They have given us This scenario and requirements :
A research team has asked you to create a database for a project on movie production
companies; the project aims to use machine learning, neural networks and other
methods to extract information about the situation of movie production companies in
Europe and the health of this sector for a set of specific countries, including the UK.
The data analytics application resulting from this project – which you DO NOT have to
develop; your job is to develop the central, server-side database that underpins it – has been commissioned by a research institute (which shall remain nameless), and it is
intended to be open source, and therefore available to anyone.
Basically, it is a machine learning application that would run on a database with the aim
to identify the correlation between different aspects of the sector, including funding
opportunities and development of new production companies or studios.
The database records every production company in Europe, including the name of the
company, the address, ZIP code, city, country, type of the company (e.g., non-profit
organisation), number of employees and net worth (calculated as total assets minus
total liabilities). Every production company has its name registered with one and only
one local government authority (for example, Companies House in the UK) on a specific
date; each company can have many shareholders. The authority typically requires
information about all the shareholders, including town of birth, mother’s maiden name,
father’s first name, their personal telephone number (only one), national insurance
number (each country in Europe has a similar unique ID), and passport number. Also,
the registration procedure has a cost associated with it (e.g., 12£ in the UK).
The database also records the employees’ data for each company: each employee is
assumed to work for a single production company. Due to the complex structure of
movie production companies and the need for various skills and professions,
employees are categorised into crew and staff. The crew consists of three main groups:
the actors, the director(s) and those who work on other jobs relevant to the filming
(producers, editors, production designers, costume designers, composer, etc.). All
other employees belong to the staff group, including those responsible for HR,
advertising, etc. Employees are identified by an employee ID, first name, last name and
an optional middle name, date of birth and start date. Also, each employee has their
contact details recorded, whether it is a single phone number or multiple, with a
description associated with each of them. Each employee has a single email address,
Members of the crew are paid hourly, and this is recorded in the database as well as a
bonus that depends on their contract. Actors get a bonus for each day of work and
another bonus for each scene completed; directors get a bonus at the end of the
shooting; crew members that work in other jobs relevant to the filming get a bonus at
the end of the shooting, and they have their role recorded as well (e.g., producer or
costume designer).
Staff members have the monthly salary and the working hours (e.g., full time 9-5).
Furthermore, each staff member belongs to a specific department (e.g., advertising),
which is located in a given building at a given address (both recorded in the database).
The database records all movies from each production company. More specifically, for
each movie the following information is recorded: a universal unique movie code(similar to the ISBN for books), the title of the movie, the year and the first release date
(different release dates are not important and should NOT be recorded).

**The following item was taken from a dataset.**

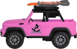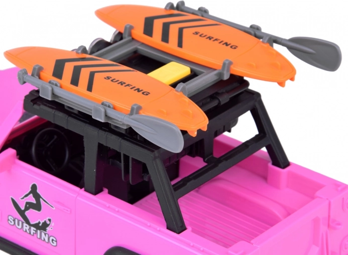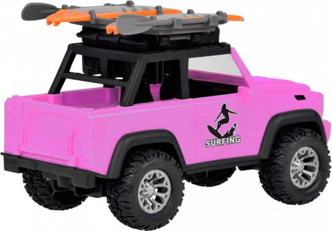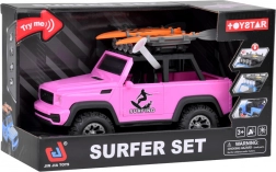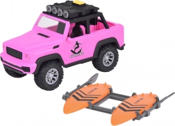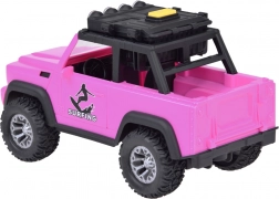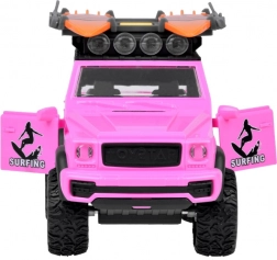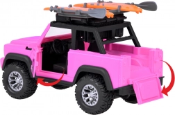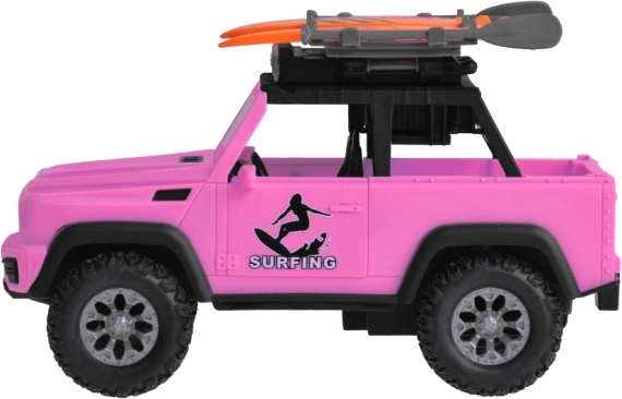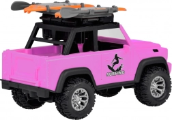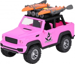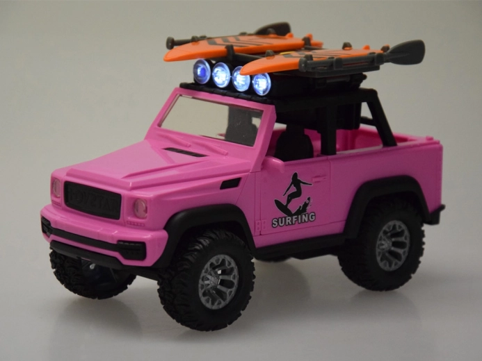 Stilski ružičasti terenski automobil za male avanturiste donosi svjetlosne i zvučne efekte, otvarajuća vrata, preklopni poklopac prtljažnika i velike gumene kotače s izraženim profilom. Na krovu se nalazi nosač s dvije daske za surfanje i svjetlosni panel za još realističniju igru.

Also, the database records each member of the crew that is part of the movie, and the
role they have in the movie: each crew member can play a single role or multiple roles
in the same movie, and each role has a description associated with it. For example, in
each movie there can be a single protagonist or more than one, the same actor can play
one or several roles, or even have a cameo.
One of the aims of the project is to provide insights on the impact of funding and grants
within the movie industry. To this end, the database should be able to record all the
funding that each production company receives. This must include the name of the
grant, the funding body (e.g., the government of a given country or European Union
grants such as the ERDF), the maximum amount for that grant and the deadline to
submit a proposal.
Then, for each company the database must record the date of the application to a given
grant, the amount requested, the outcome (successful/unsuccessful).
A grant can be given to a single production company or shared among several. Finally,
once the database is ready, the project will run a set of machine learning algorithms to
perform high level data analysis based on the different grants and their corresponding
impact with the aim to investigate the impacts of such funding against a list of criteria.
No additional information is provided at this stage from the project.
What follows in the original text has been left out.